• **DATA TO EXAMINE**:
*** Block opens ***
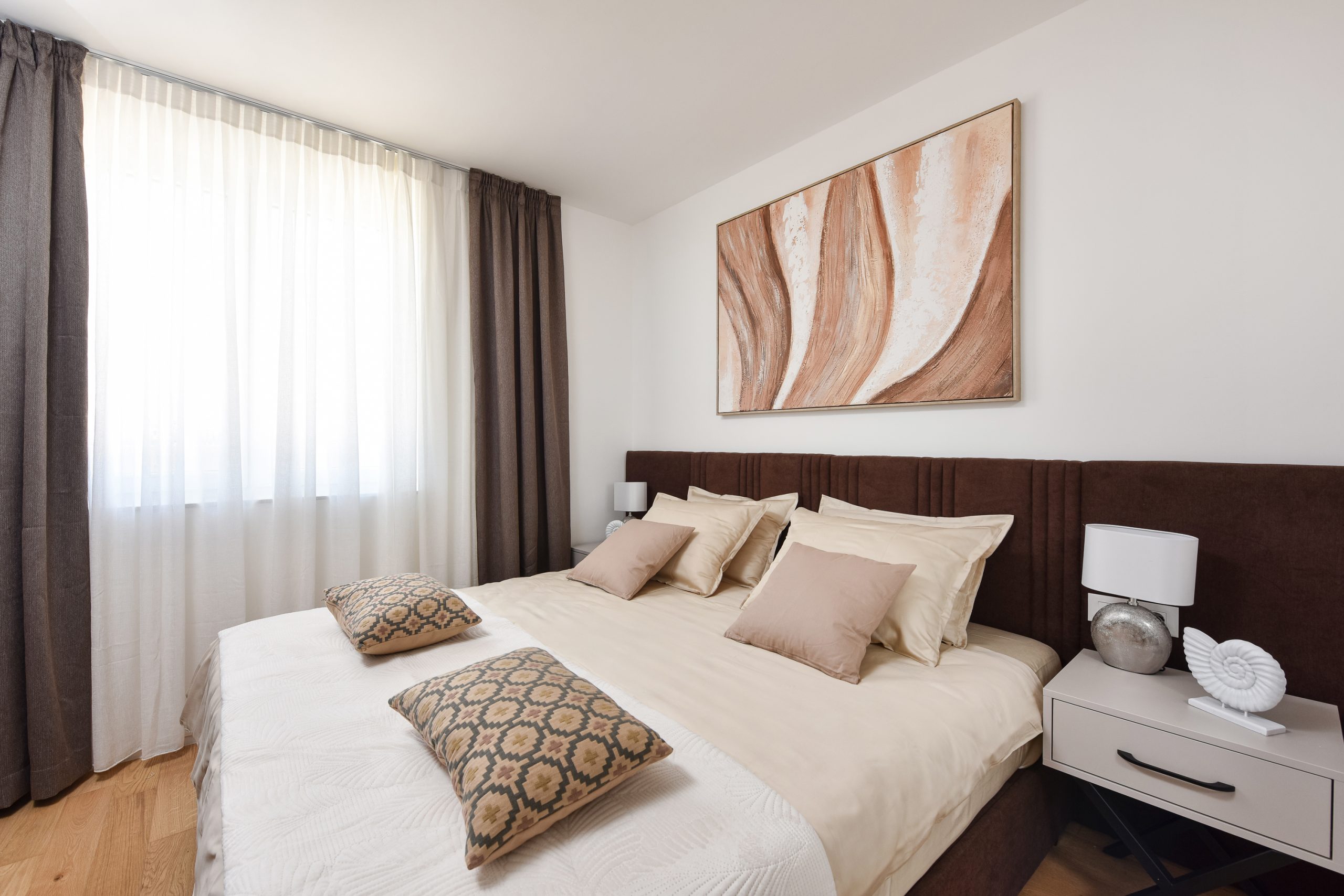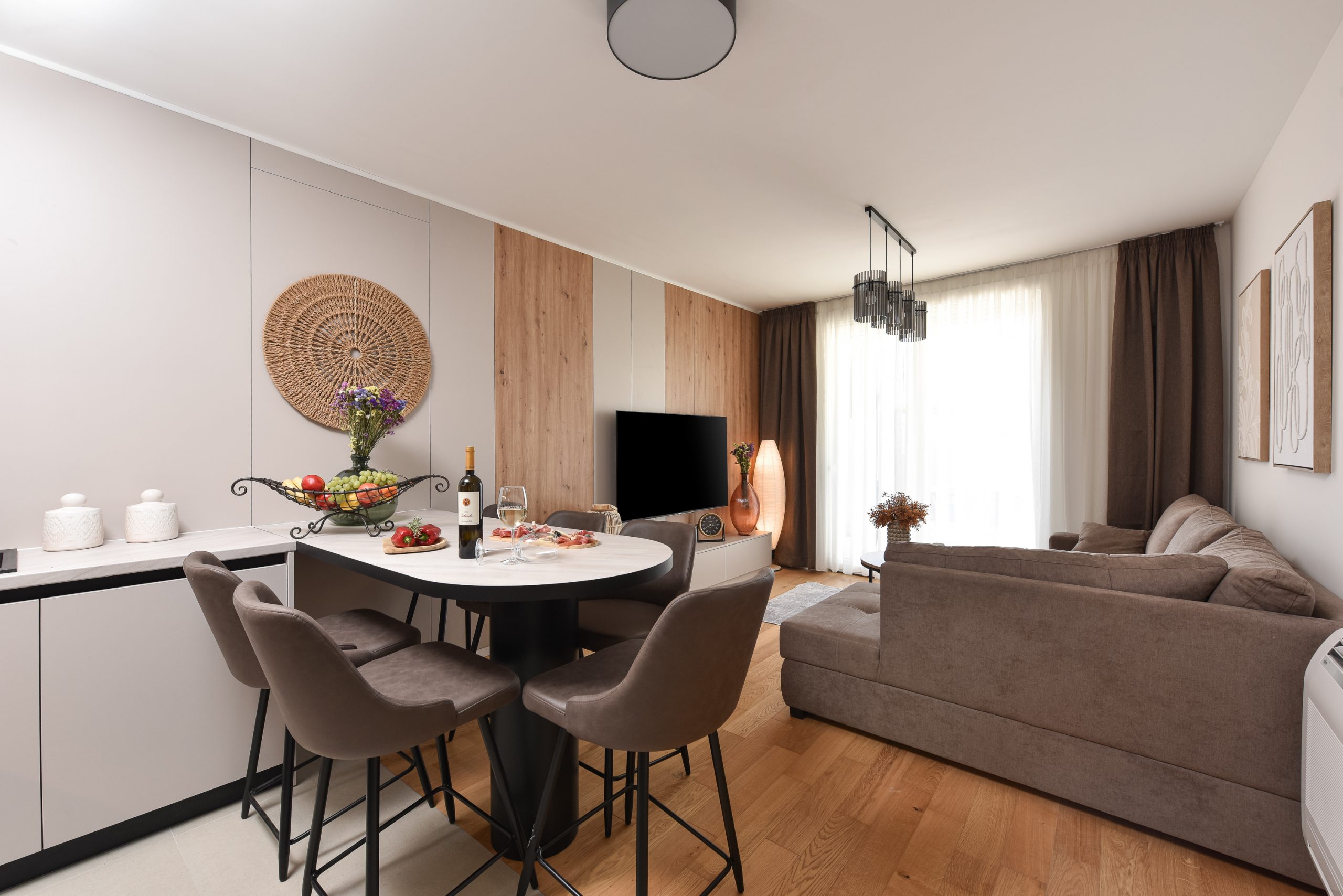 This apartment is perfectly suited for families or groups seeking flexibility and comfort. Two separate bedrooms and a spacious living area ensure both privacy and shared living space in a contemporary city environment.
*** Block closes ***
*** Block opens ***
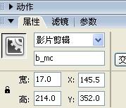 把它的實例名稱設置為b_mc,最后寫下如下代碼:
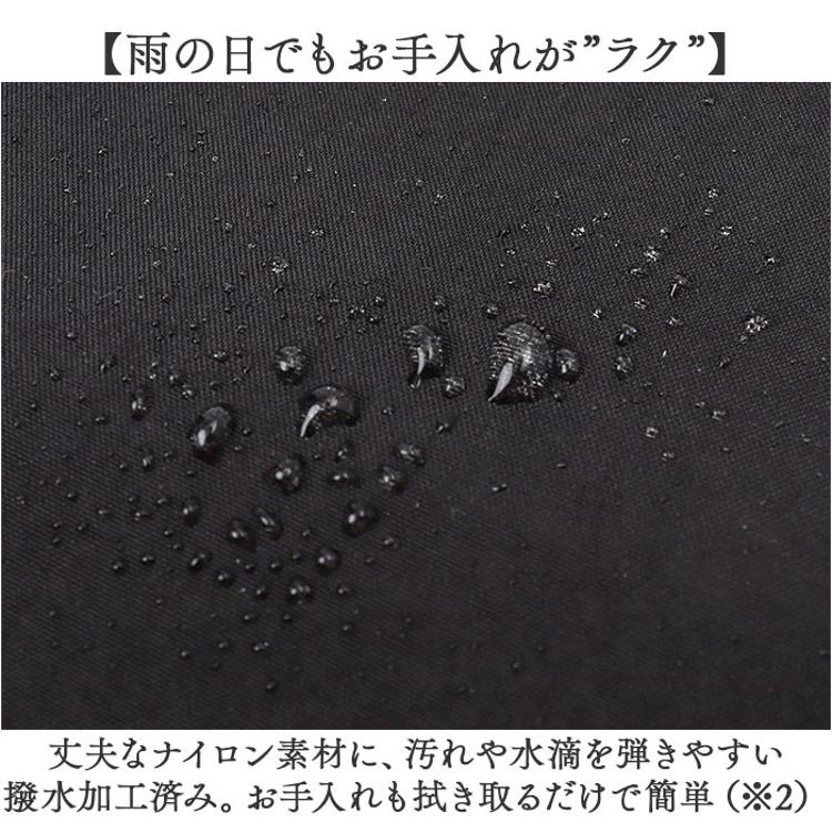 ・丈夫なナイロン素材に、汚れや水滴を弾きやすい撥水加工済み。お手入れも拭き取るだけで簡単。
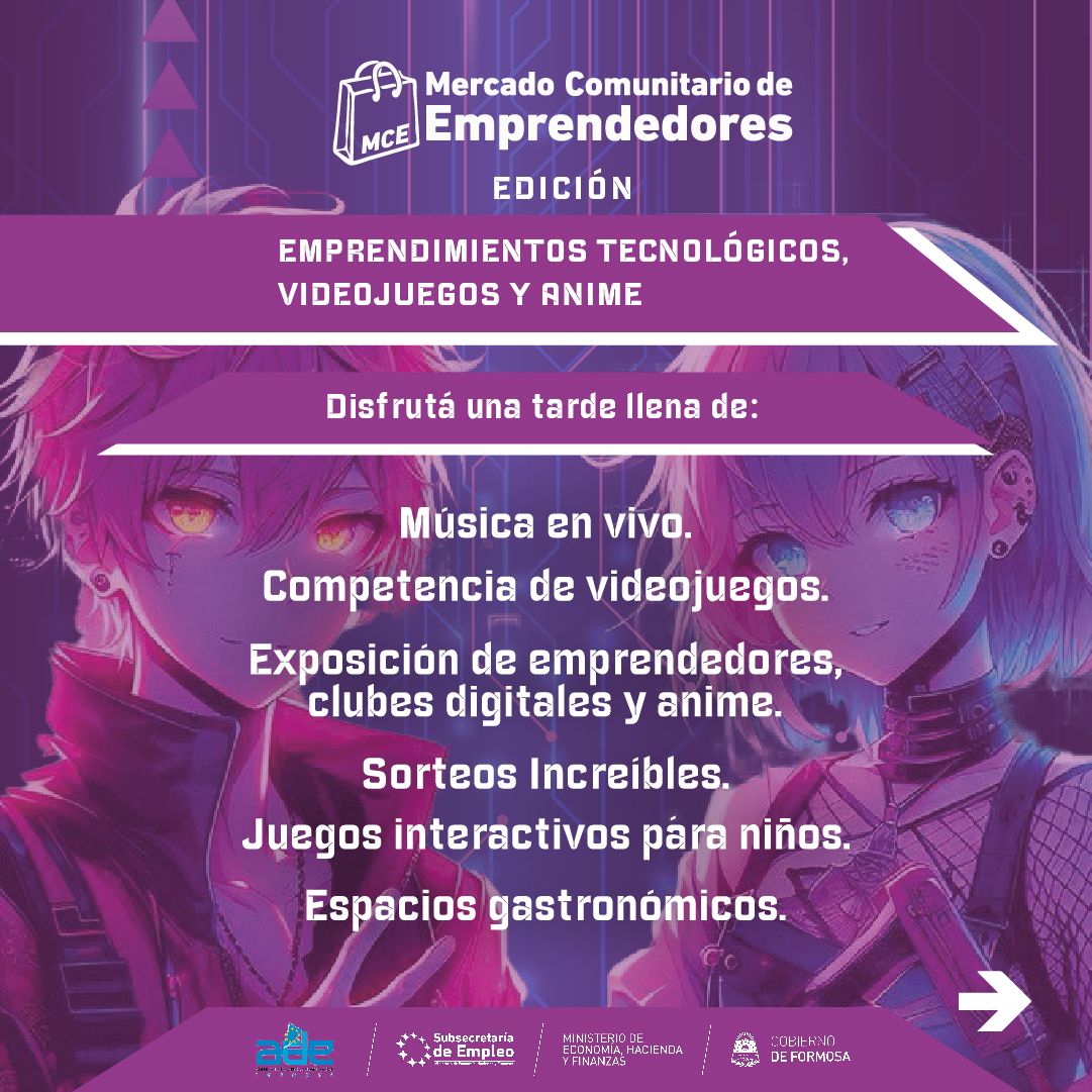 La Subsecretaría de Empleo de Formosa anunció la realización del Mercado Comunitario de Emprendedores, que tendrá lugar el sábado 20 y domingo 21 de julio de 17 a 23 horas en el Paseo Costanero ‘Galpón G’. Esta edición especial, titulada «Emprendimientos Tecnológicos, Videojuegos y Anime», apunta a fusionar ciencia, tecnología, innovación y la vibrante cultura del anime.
*** Block closes ***
*** Block opens ***
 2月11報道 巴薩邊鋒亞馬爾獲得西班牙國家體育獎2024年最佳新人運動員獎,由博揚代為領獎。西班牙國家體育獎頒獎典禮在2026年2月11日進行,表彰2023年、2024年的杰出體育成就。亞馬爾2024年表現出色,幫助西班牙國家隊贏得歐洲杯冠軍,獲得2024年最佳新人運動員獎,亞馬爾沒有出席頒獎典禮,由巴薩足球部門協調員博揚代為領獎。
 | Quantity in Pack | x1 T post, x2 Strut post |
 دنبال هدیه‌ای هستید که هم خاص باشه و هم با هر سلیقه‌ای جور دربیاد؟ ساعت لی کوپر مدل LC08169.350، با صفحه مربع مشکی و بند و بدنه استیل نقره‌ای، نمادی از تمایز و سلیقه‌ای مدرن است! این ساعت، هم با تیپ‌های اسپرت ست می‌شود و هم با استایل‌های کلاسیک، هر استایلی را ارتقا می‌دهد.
*** Block closes ***
• **ACTION ITEM**: Quote the listing above, but only from the line that shows "2月11報道 巴薩邊鋒亞馬爾" through the line that shows "Strut post |".

• **SOLUTION FOR THIS TASK**:
 2月11報道 巴薩邊鋒亞馬爾獲得西班牙國家體育獎2024年最佳新人運動員獎,由博揚代為領獎。西班牙國家體育獎頒獎典禮在2026年2月11日進行,表彰2023年、2024年的杰出體育成就。亞馬爾2024年表現出色,幫助西班牙國家隊贏得歐洲杯冠軍,獲得2024年最佳新人運動員獎,亞馬爾沒有出席頒獎典禮,由巴薩足球部門協調員博揚代為領獎。
 | Quantity in Pack | x1 T post, x2 Strut post |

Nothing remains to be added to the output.